--- STORED DATA ---

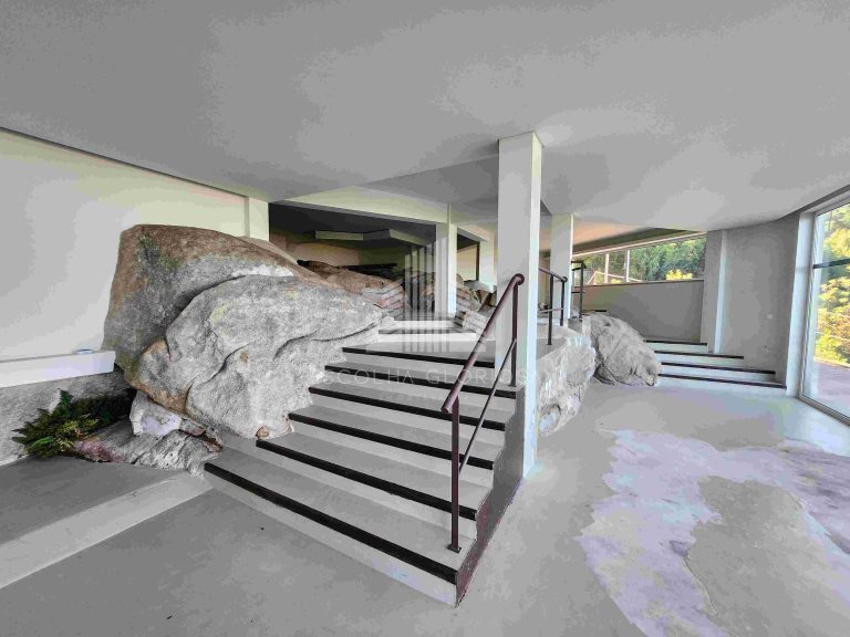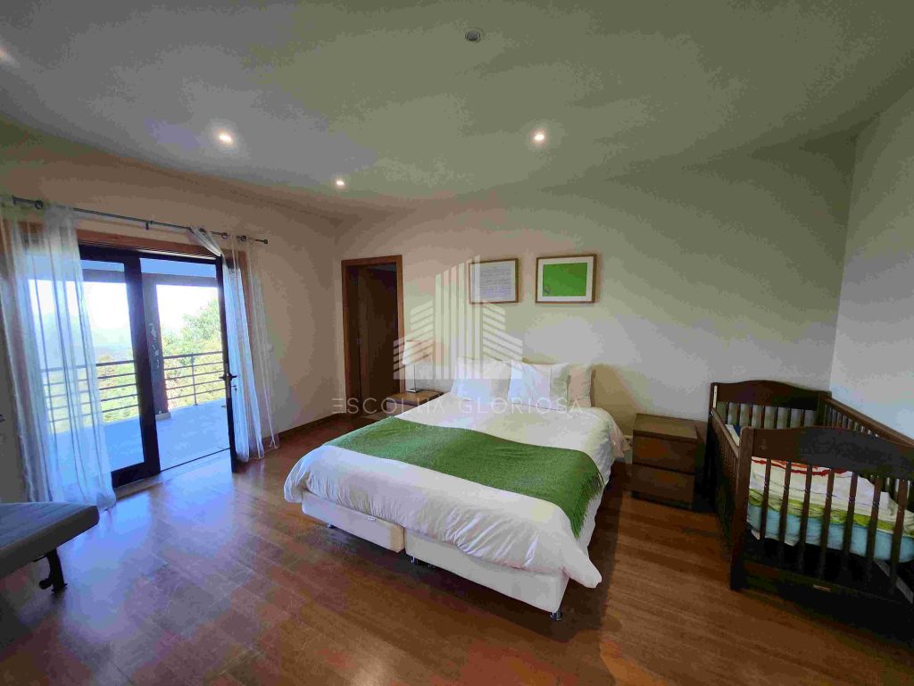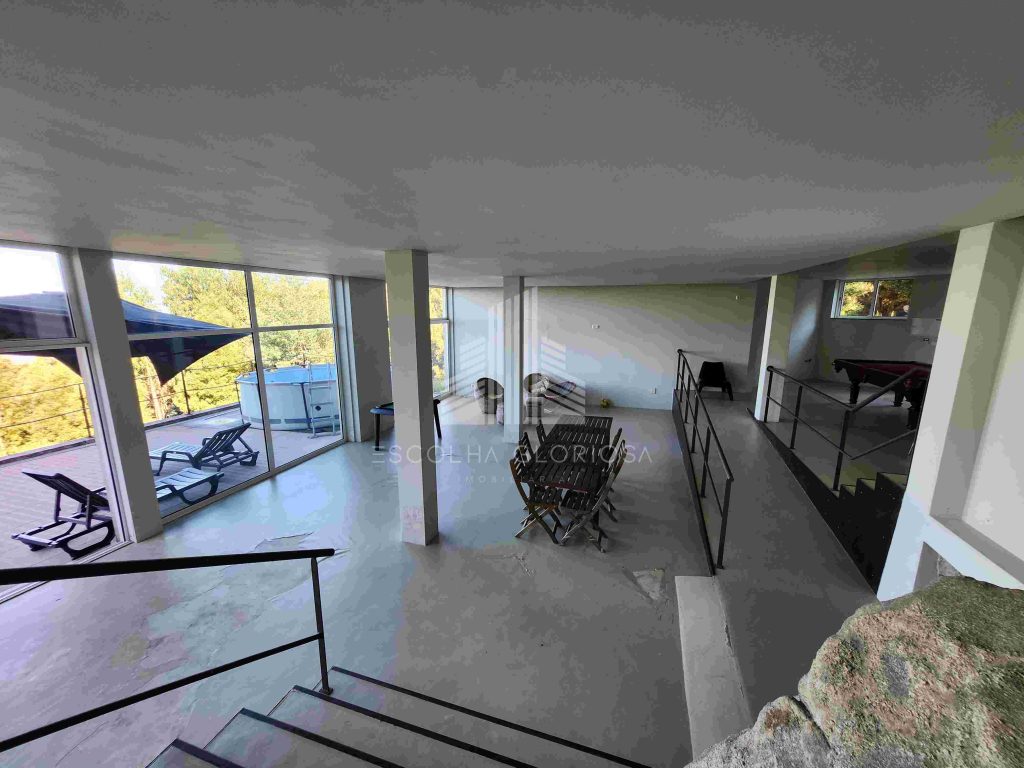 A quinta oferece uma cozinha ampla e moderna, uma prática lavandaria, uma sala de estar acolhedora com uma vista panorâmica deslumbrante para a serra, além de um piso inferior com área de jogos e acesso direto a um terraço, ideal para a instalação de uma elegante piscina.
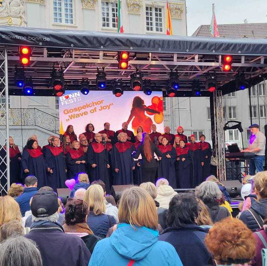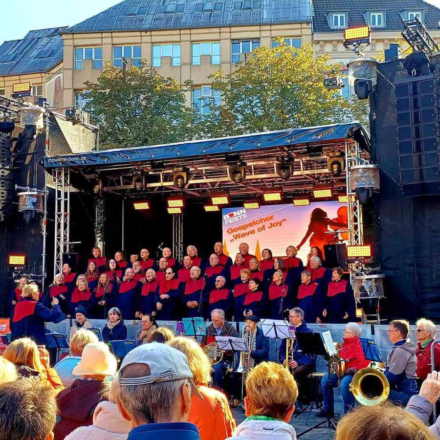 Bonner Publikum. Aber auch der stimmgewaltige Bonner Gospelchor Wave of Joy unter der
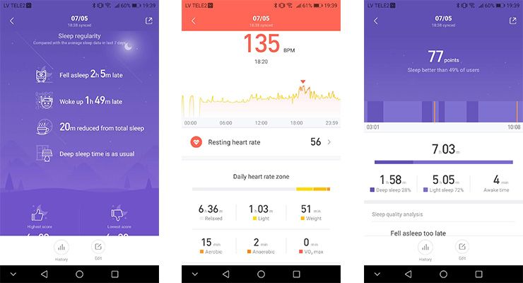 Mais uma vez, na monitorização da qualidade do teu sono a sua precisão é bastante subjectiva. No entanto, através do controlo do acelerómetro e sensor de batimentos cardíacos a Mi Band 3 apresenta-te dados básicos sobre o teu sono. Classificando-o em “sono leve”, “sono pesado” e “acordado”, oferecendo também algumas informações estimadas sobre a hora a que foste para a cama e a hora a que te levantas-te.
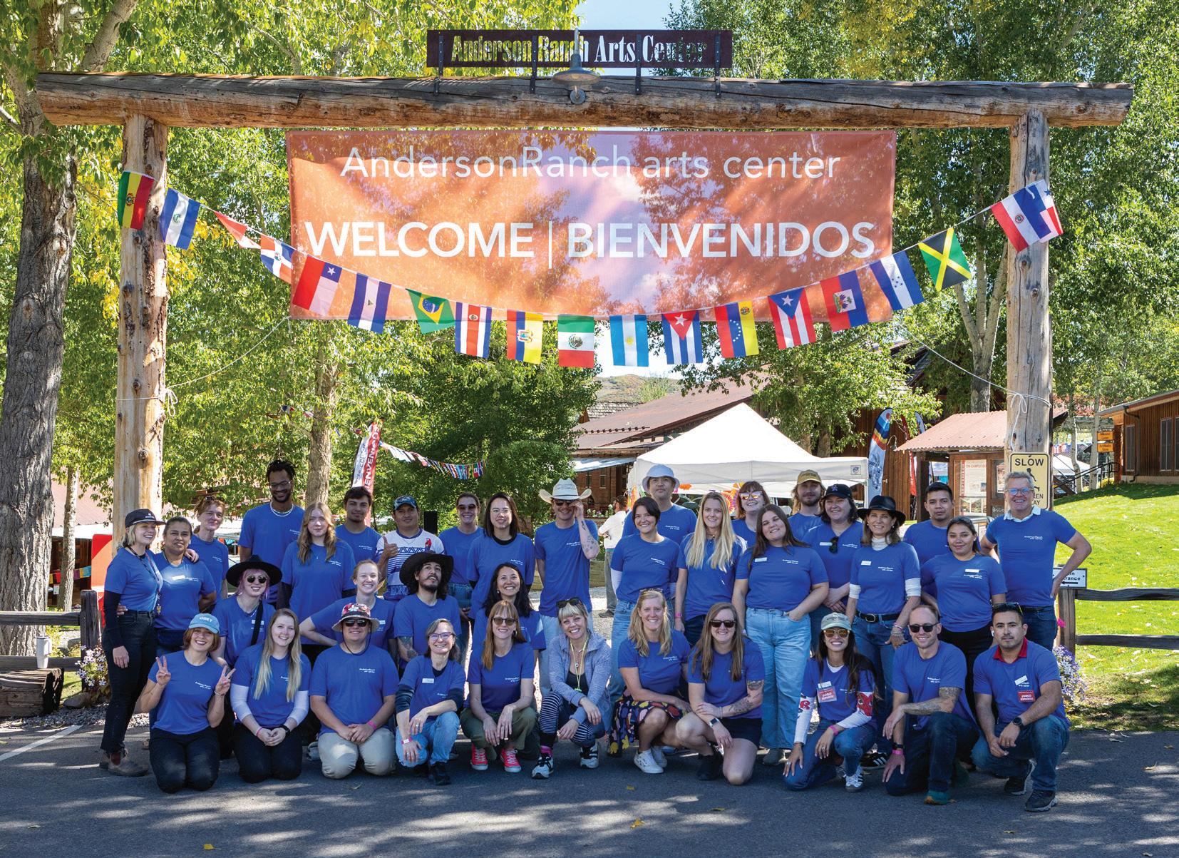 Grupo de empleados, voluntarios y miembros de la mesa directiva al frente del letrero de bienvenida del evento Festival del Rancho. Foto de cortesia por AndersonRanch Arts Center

---

- **YOUR OBJECTIVE**: From the first line above to the line containing "Bonner Publikum. Aber", repeat each line exactly. Pictures stay out.

- **RESPONSE TO THIS EXERCISE**:
 A quinta oferece uma cozinha ampla e moderna, uma prática lavandaria, uma sala de estar acolhedora com uma vista panorâmica deslumbrante para a serra, além de um piso inferior com área de jogos e acesso direto a um terraço, ideal para a instalação de uma elegante piscina.
 Bonner Publikum. Aber auch der stimmgewaltige Bonner Gospelchor Wave of Joy unter der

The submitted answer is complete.